Aim of the exercise
Write out the entries exactly, leaving out every picture.

+++

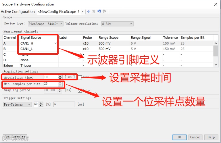 硬件连接好后我们需要在CANoe里对接入的Scope进行相关配置,首先我们打开CANoe,在Analysis功能区找到Scope按钮打开,然后根据我们实际连接的Scope型号进行参数的配置,主要需要配置的内容有示波器引脚的配置以及采样的时间和采样点的数量配置,为了使示波器的波形曲线更平滑,我们需要设置一个合适的每位采样点数量。
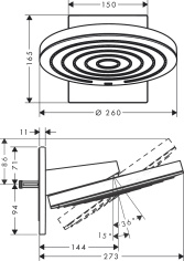 Круглый верхний душ Crome 280 1jet для настенного или потолочного монтажа является олицетворением удовольствия под душем в формате XXL. Благодаря диаметру 280 мм он распределяет воду по всей поверхности тела. Его лаконичный, благородный дизайн, гармоничная круглая форма и высококачественные металлические поверхности заметно повышают ценность интерьера ванной комнаты. Независимо от способа крепления – на стене или на потолке – с помощью шарнирного соединения верхний душ можно наклонить в любом направлении в соответствии с вашими индивидуальными пожеланиями.
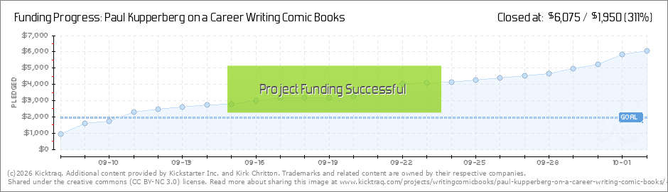 Wow!! Only a couple of hours into our first day and we're nearly 15% funded. Our thanks to all of the fast funders who have gotten us off to such a strong start. Don't forget to grab your free "Kupperberg Kickstarter Comics Sampler." All you need to... (Read More)
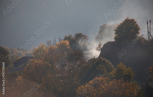 Amazing view with colorful autumn forest with asphalt mountain road at sunset. Beautiful landscape with empty road, trees and sunlight in the evening in autumn. Travel background. Nature
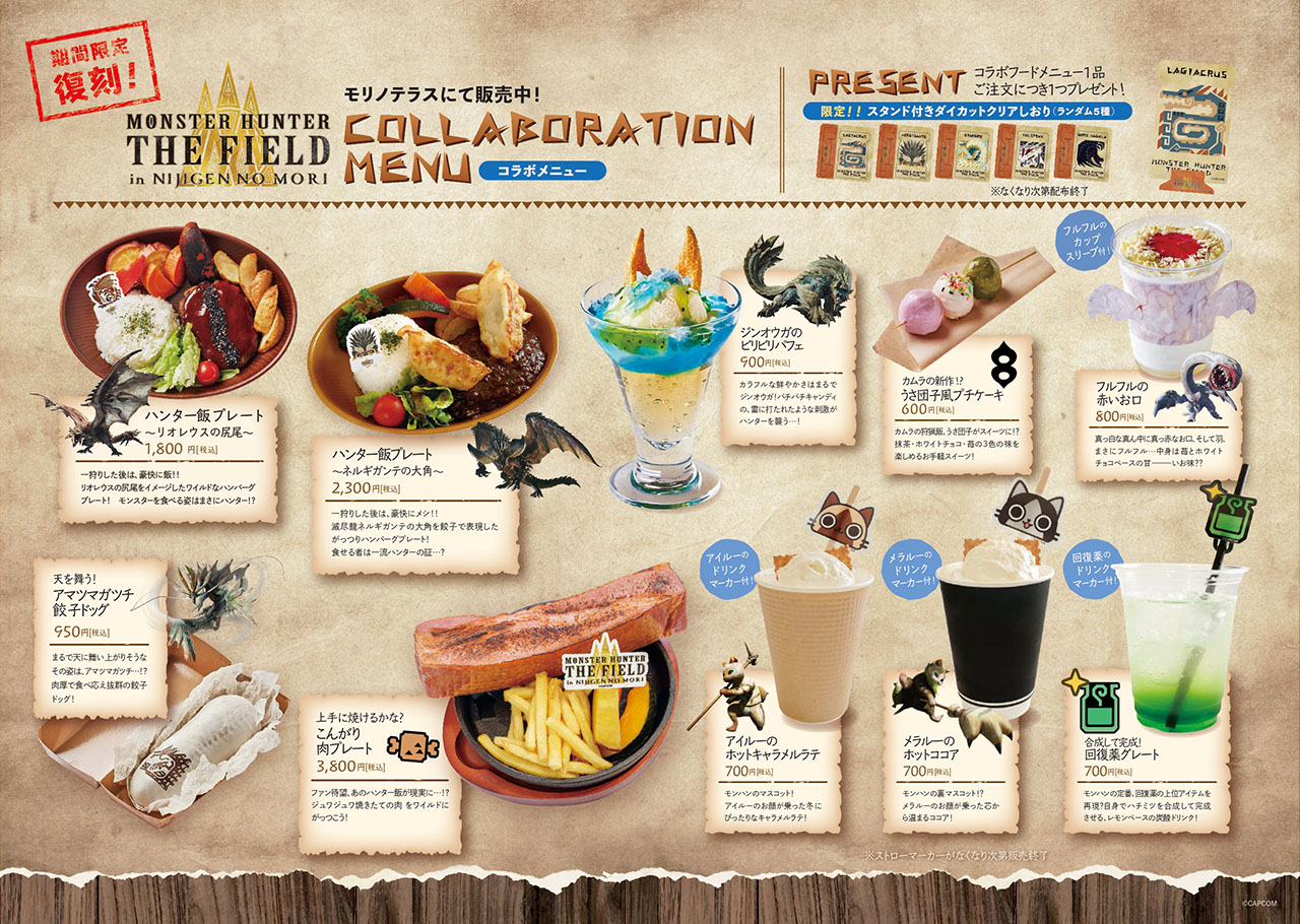 各メニューは、なくなり次第完売となります!冬休みに復活したハンター体験アトラクション「モンスターハンター・ザ・フィールド」と一緒に、今だけの限定コラボメニューをお召し上がりくださいね!
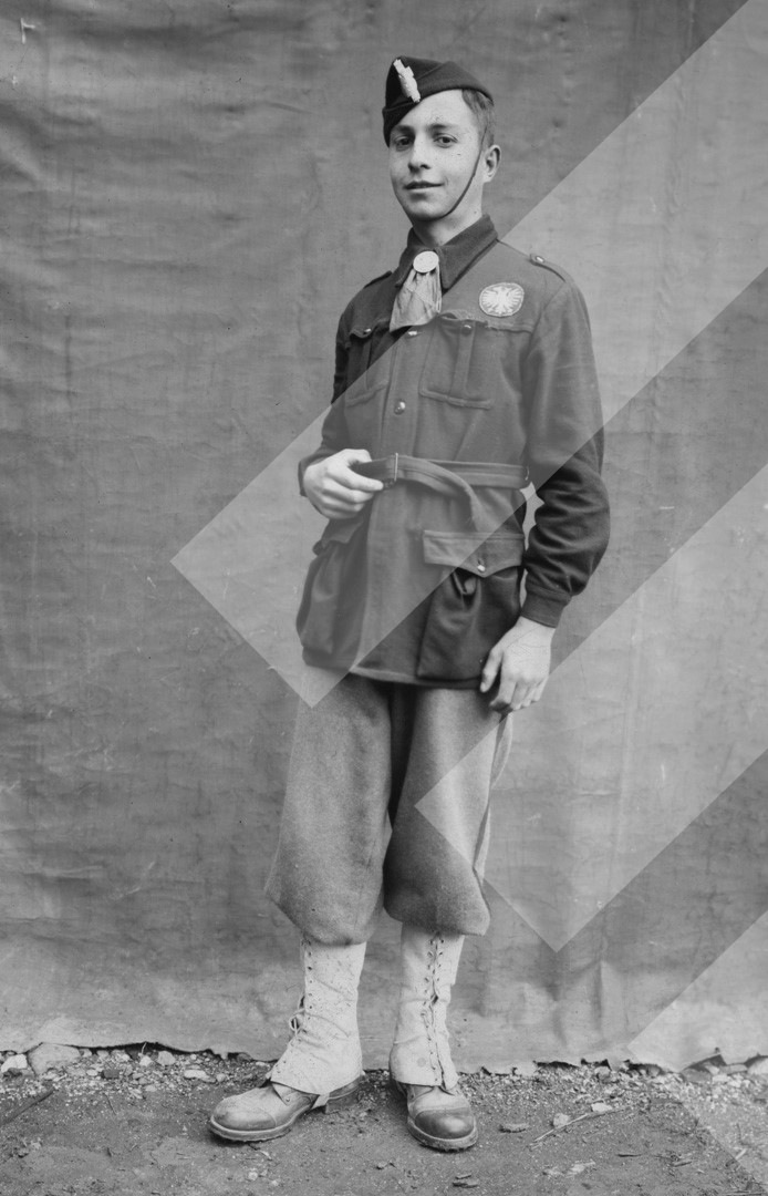 Vani Burda, rreth 1939-1942, Djalosh me uniformën e rinisë fashiste, negativ në letër, 9 x 14 cm.
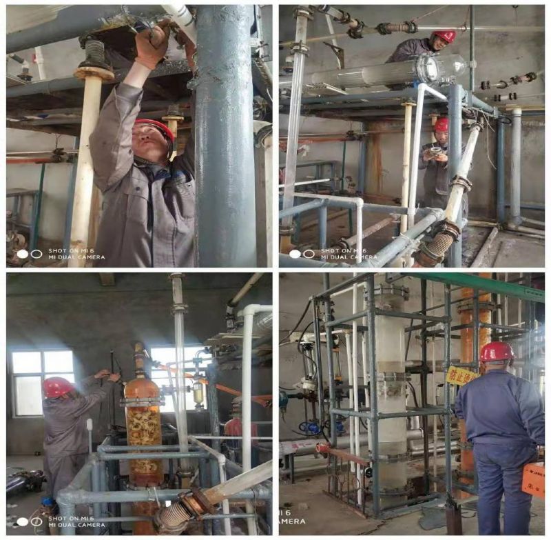 溴素二厂提取冷凝器设备因使用年限长,冷凝器内管有断裂且沉积物过多堵塞,冷凝效果降低,给溴的蒸馏冷凝及质量、产量带来影响。针对这种状况,厂班子研究决定对冷凝器进行集中更换。由于疫情影响,物流停运,春节前在石家庄预定的设备无法正常发货。为了能够完成生产任务,溴素二厂职工多次对冷凝器漏水部位采取封堵措施,坚持生产运行。
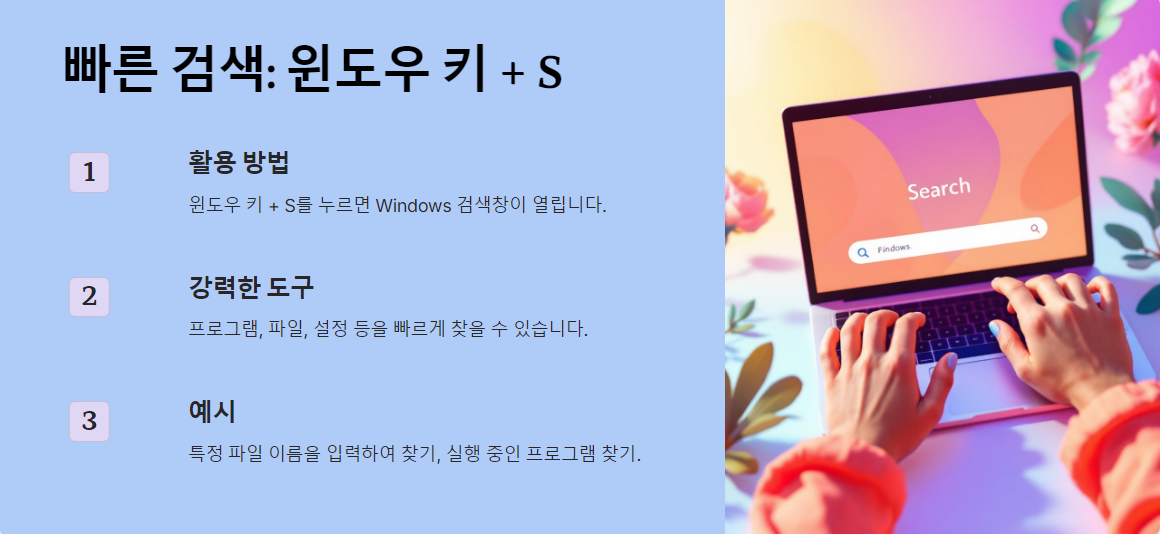 "윈도우 키 + S"를 누르면 Windows 검색창이 열립니다. 이 기능은 프로그램, 파일, 설정 등을 빠르게 찾을 수 있는 강력한 도구입니다.

+++

Task output
 硬件连接好后我们需要在CANoe里对接入的Scope进行相关配置,首先我们打开CANoe,在Analysis功能区找到Scope按钮打开,然后根据我们实际连接的Scope型号进行参数的配置,主要需要配置的内容有示波器引脚的配置以及采样的时间和采样点的数量配置,为了使示波器的波形曲线更平滑,我们需要设置一个合适的每位采样点数量。
 Круглый верхний душ Crome 280 1jet для настенного или потолочного монтажа является олицетворением удовольствия под душем в формате XXL. Благодаря диаметру 280 мм он распределяет воду по всей поверхности тела. Его лаконичный, благородный дизайн, гармоничная круглая форма и высококачественные металлические поверхности заметно повышают ценность интерьера ванной комнаты. Независимо от способа крепления – на стене или на потолке – с помощью шарнирного соединения верхний душ можно наклонить в любом направлении в соответствии с вашими индивидуальными пожеланиями.
 Wow!! Only a couple of hours into our first day and we're nearly 15% funded. Our thanks to all of the fast funders who have gotten us off to such a strong start. Don't forget to grab your free "Kupperberg Kickstarter Comics Sampler." All you need to... (Read More)
 Amazing view with colorful autumn forest with asphalt mountain road at sunset. Beautiful landscape with empty road, trees and sunlight in the evening in autumn. Travel background. Nature
 各メニューは、なくなり次第完売となります!冬休みに復活したハンター体験アトラクション「モンスターハンター・ザ・フィールド」と一緒に、今だけの限定コラボメニューをお召し上がりくださいね!
 Vani Burda, rreth 1939-1942, Djalosh me uniformën e rinisë fashiste, negativ në letër, 9 x 14 cm.
 溴素二厂提取冷凝器设备因使用年限长,冷凝器内管有断裂且沉积物过多堵塞,冷凝效果降低,给溴的蒸馏冷凝及质量、产量带来影响。针对这种状况,厂班子研究决定对冷凝器进行集中更换。由于疫情影响,物流停运,春节前在石家庄预定的设备无法正常发货。为了能够完成生产任务,溴素二厂职工多次对冷凝器漏水部位采取封堵措施,坚持生产运行。
 "윈도우 키 + S"를 누르면 Windows 검색창이 열립니다. 이 기능은 프로그램, 파일, 설정 등을 빠르게 찾을 수 있는 강력한 도구입니다.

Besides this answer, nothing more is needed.